* **Your objective**:
Find the line that contains "전달했다. (사진제공-나주시) |". Copy it and every line after it to the end of the material below, exactly, with no pictures.

* **Task data**:
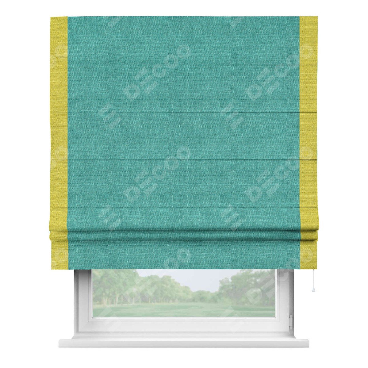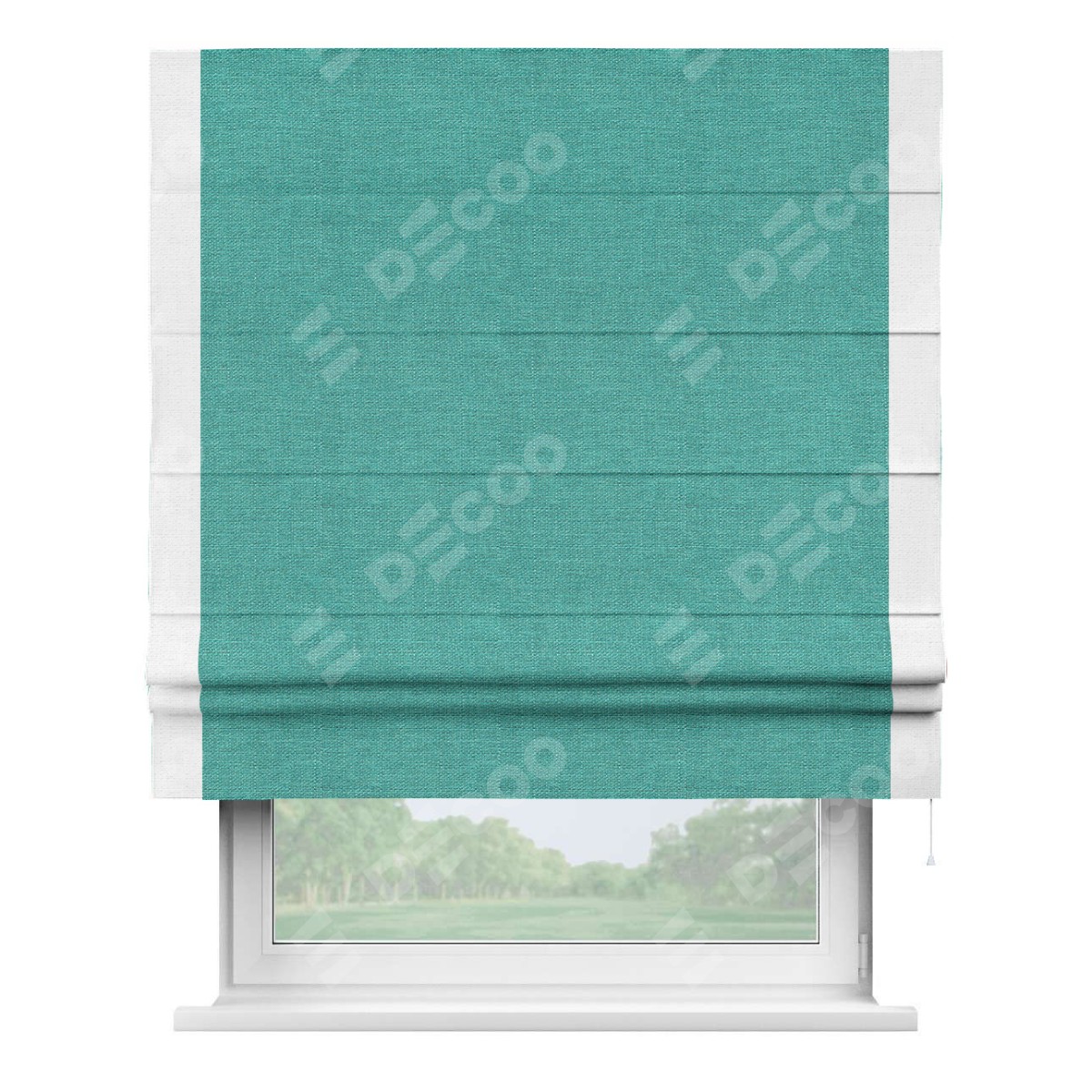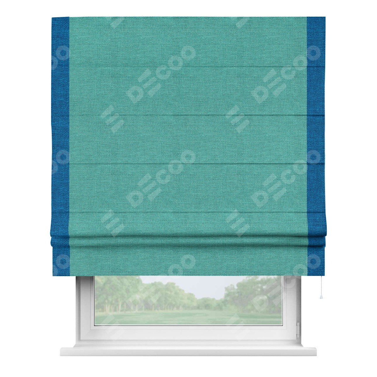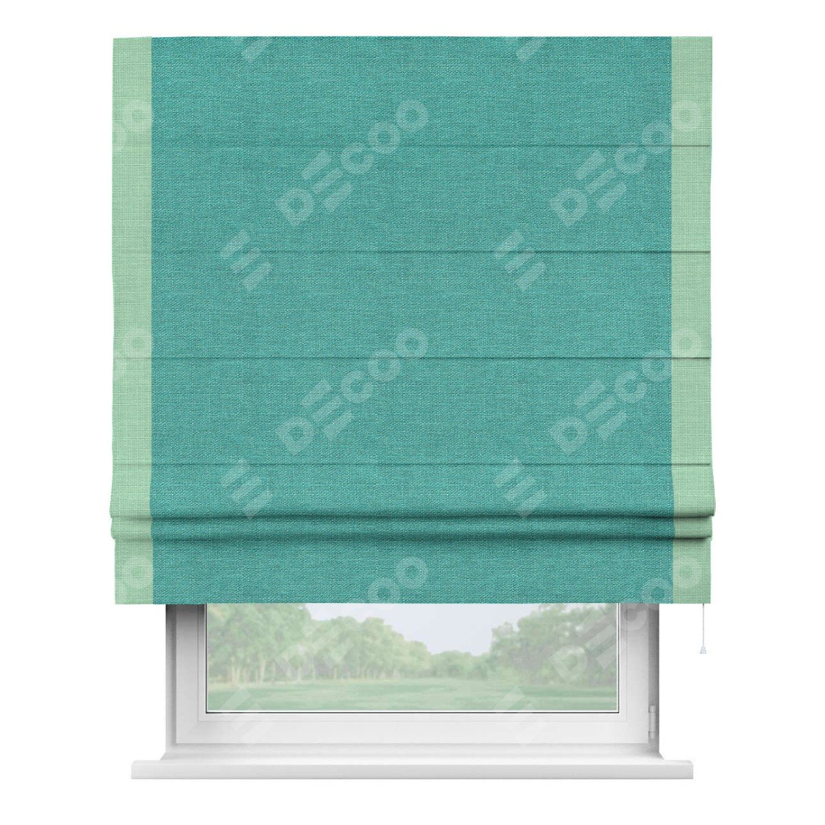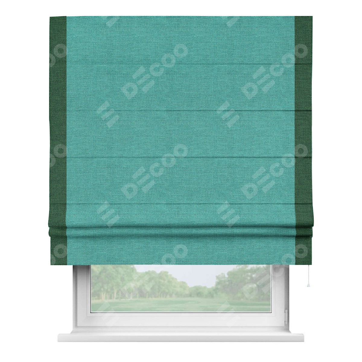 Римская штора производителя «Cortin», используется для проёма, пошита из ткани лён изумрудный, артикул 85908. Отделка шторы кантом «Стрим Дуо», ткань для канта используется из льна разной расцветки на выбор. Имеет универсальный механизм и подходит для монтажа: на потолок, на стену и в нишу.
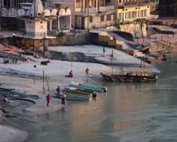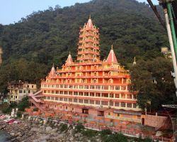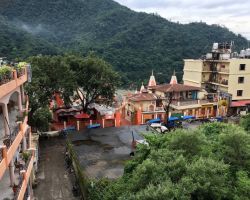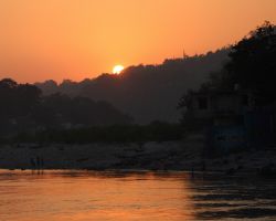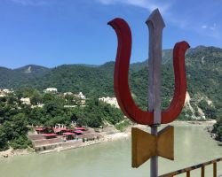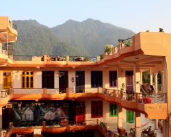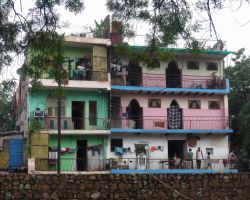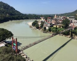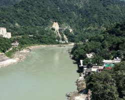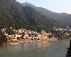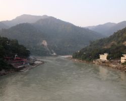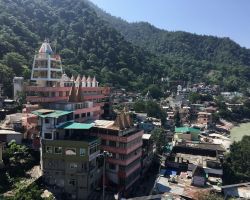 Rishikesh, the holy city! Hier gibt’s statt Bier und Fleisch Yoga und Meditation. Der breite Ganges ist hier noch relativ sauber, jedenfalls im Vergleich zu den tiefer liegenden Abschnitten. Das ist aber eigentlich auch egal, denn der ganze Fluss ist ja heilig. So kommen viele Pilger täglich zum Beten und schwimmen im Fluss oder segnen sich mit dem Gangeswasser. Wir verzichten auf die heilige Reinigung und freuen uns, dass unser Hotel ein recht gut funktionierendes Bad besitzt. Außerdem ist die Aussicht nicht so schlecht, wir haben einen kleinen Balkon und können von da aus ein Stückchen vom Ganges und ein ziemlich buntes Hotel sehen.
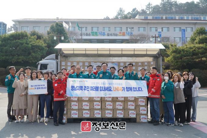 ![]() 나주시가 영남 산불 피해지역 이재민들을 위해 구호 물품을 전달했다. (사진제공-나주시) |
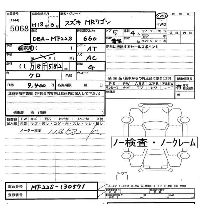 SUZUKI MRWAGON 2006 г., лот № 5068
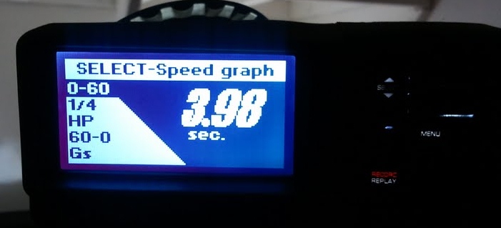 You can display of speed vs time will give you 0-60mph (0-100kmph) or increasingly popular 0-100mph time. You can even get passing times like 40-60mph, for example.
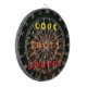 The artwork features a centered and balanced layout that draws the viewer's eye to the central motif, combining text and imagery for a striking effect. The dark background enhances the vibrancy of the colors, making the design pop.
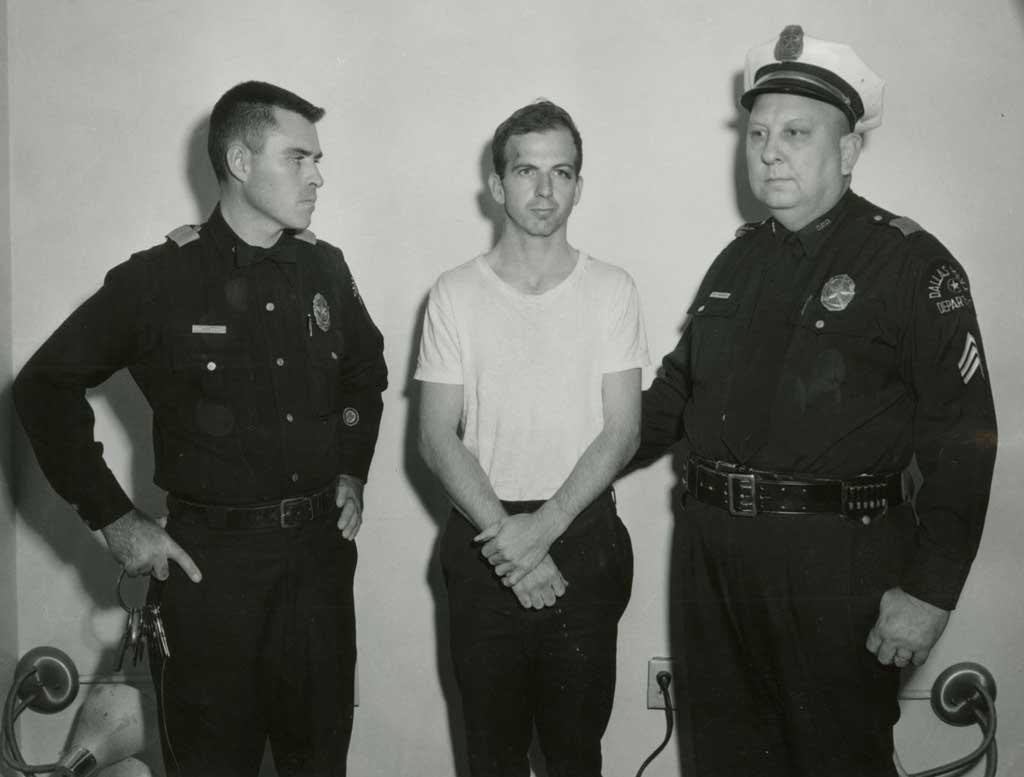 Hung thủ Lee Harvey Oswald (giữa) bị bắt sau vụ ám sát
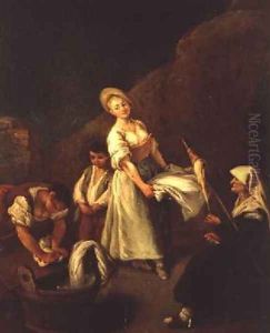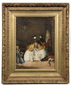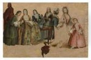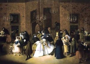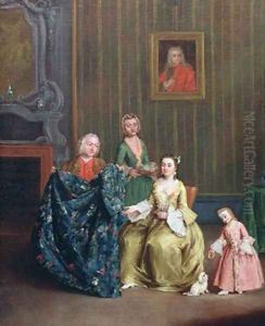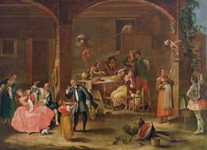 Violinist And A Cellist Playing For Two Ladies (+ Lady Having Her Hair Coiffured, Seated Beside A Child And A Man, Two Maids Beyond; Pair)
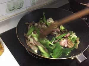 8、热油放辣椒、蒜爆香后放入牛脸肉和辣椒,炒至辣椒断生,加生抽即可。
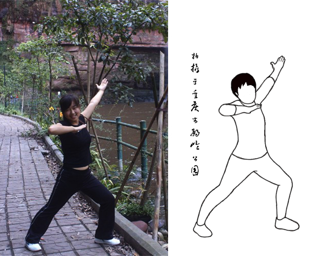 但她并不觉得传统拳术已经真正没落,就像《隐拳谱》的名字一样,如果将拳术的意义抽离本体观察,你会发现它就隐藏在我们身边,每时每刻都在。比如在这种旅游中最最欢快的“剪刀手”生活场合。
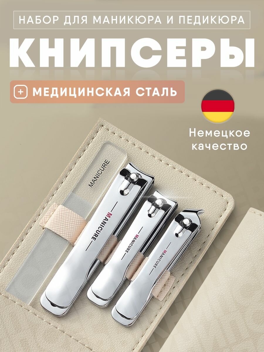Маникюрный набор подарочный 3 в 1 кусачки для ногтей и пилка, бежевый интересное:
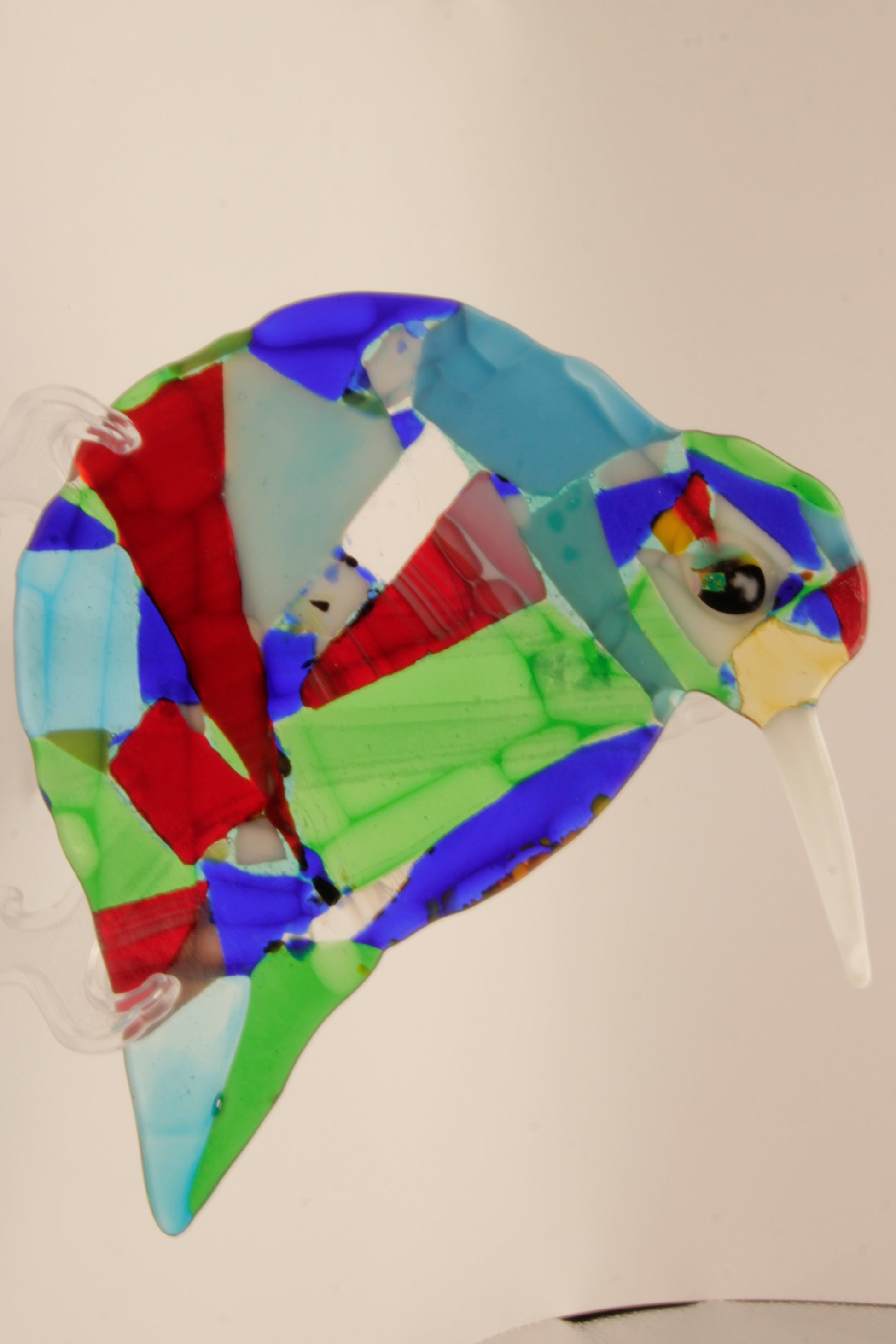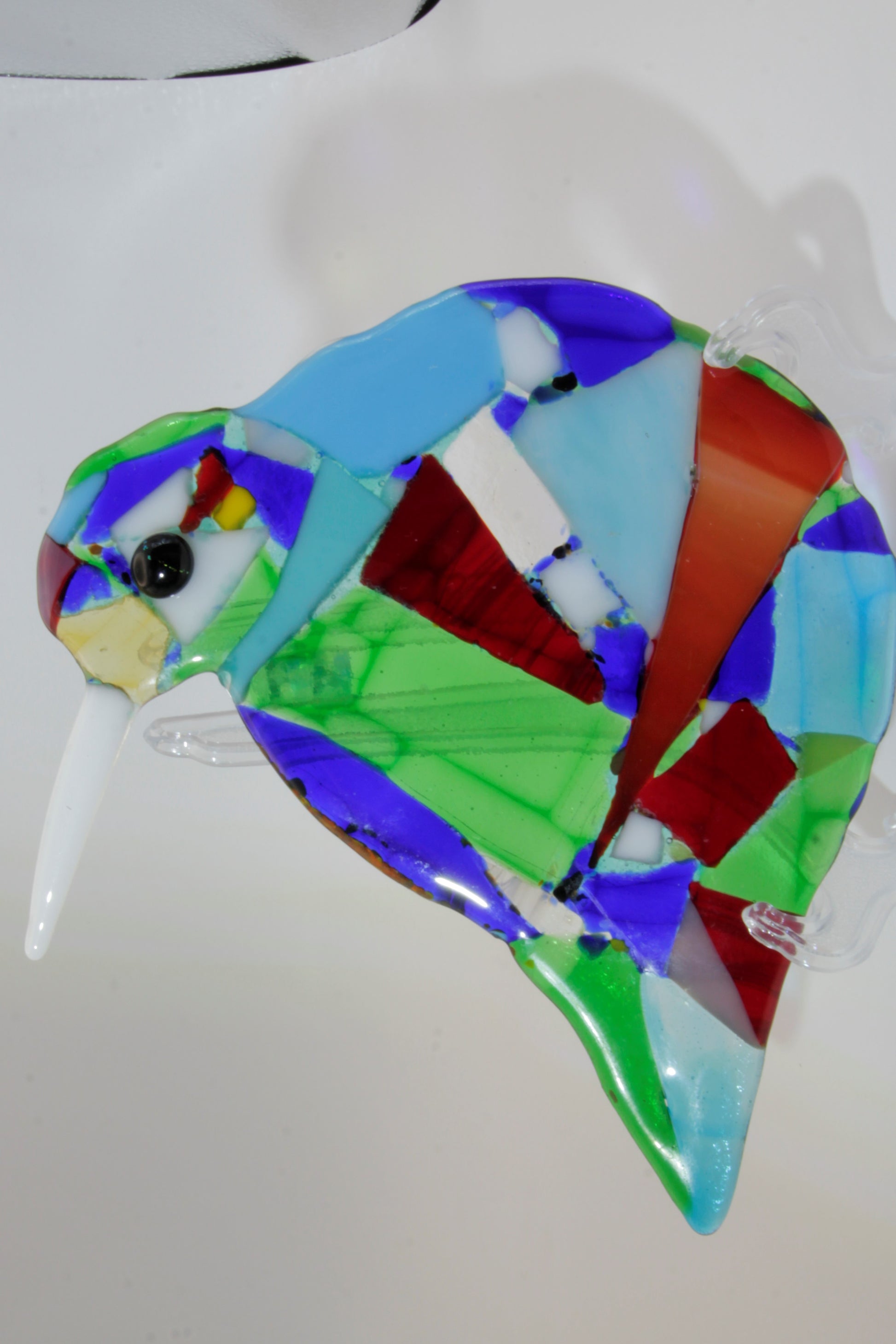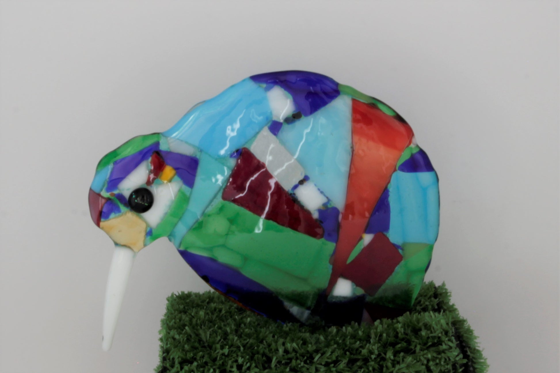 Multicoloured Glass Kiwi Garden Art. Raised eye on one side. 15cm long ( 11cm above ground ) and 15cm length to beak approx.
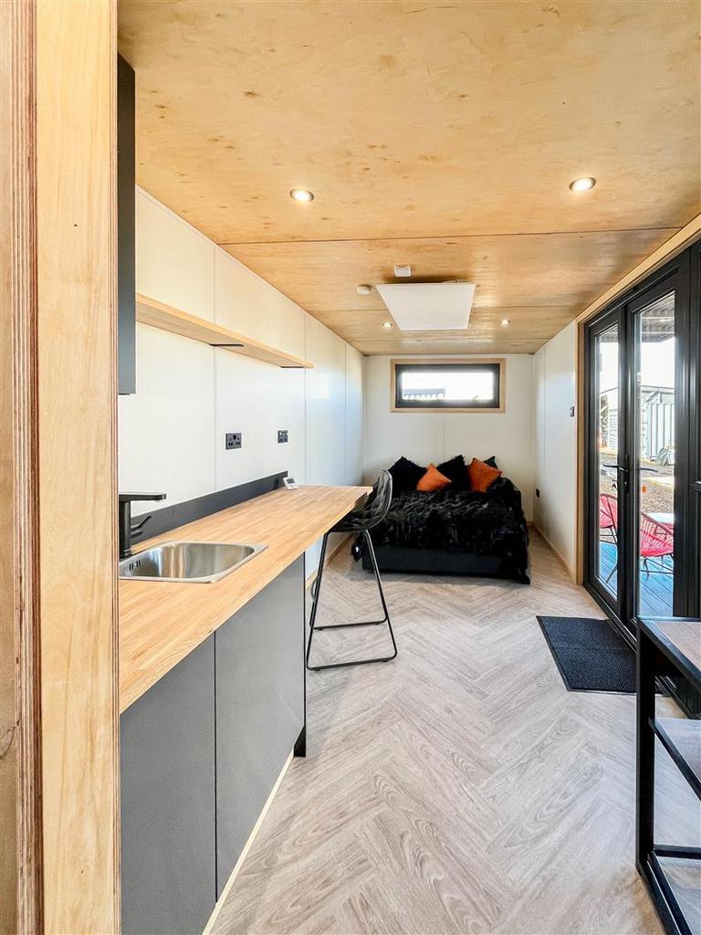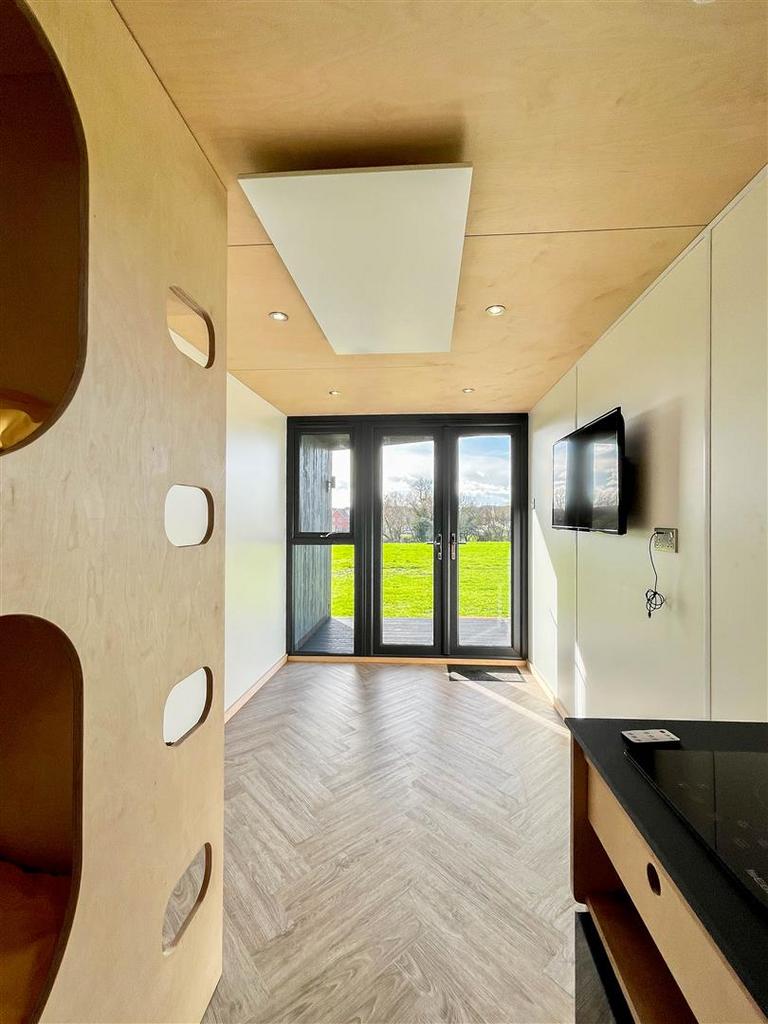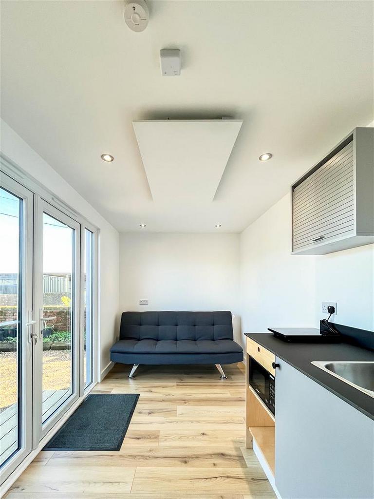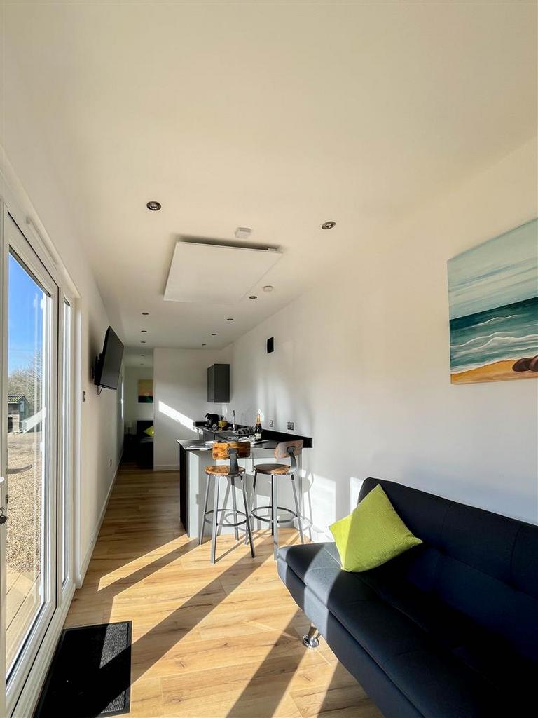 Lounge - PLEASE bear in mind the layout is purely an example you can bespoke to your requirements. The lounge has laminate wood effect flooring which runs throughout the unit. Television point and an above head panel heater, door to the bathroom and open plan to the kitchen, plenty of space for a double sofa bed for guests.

* **Task response**:
 ![]() 나주시가 영남 산불 피해지역 이재민들을 위해 구호 물품을 전달했다. (사진제공-나주시) |
 SUZUKI MRWAGON 2006 г., лот № 5068
 You can display of speed vs time will give you 0-60mph (0-100kmph) or increasingly popular 0-100mph time. You can even get passing times like 40-60mph, for example.
 The artwork features a centered and balanced layout that draws the viewer's eye to the central motif, combining text and imagery for a striking effect. The dark background enhances the vibrancy of the colors, making the design pop.
 Hung thủ Lee Harvey Oswald (giữa) bị bắt sau vụ ám sát
 Violinist And A Cellist Playing For Two Ladies (+ Lady Having Her Hair Coiffured, Seated Beside A Child And A Man, Two Maids Beyond; Pair)
 8、热油放辣椒、蒜爆香后放入牛脸肉和辣椒,炒至辣椒断生,加生抽即可。
 但她并不觉得传统拳术已经真正没落,就像《隐拳谱》的名字一样,如果将拳术的意义抽离本体观察,你会发现它就隐藏在我们身边,每时每刻都在。比如在这种旅游中最最欢快的“剪刀手”生活场合。
Маникюрный набор подарочный 3 в 1 кусачки для ногтей и пилка, бежевый интересное:
 Multicoloured Glass Kiwi Garden Art. Raised eye on one side. 15cm long ( 11cm above ground ) and 15cm length to beak approx.
 Lounge - PLEASE bear in mind the layout is purely an example you can bespoke to your requirements. The lounge has laminate wood effect flooring which runs throughout the unit. Television point and an above head panel heater, door to the bathroom and open plan to the kitchen, plenty of space for a double sofa bed for guests.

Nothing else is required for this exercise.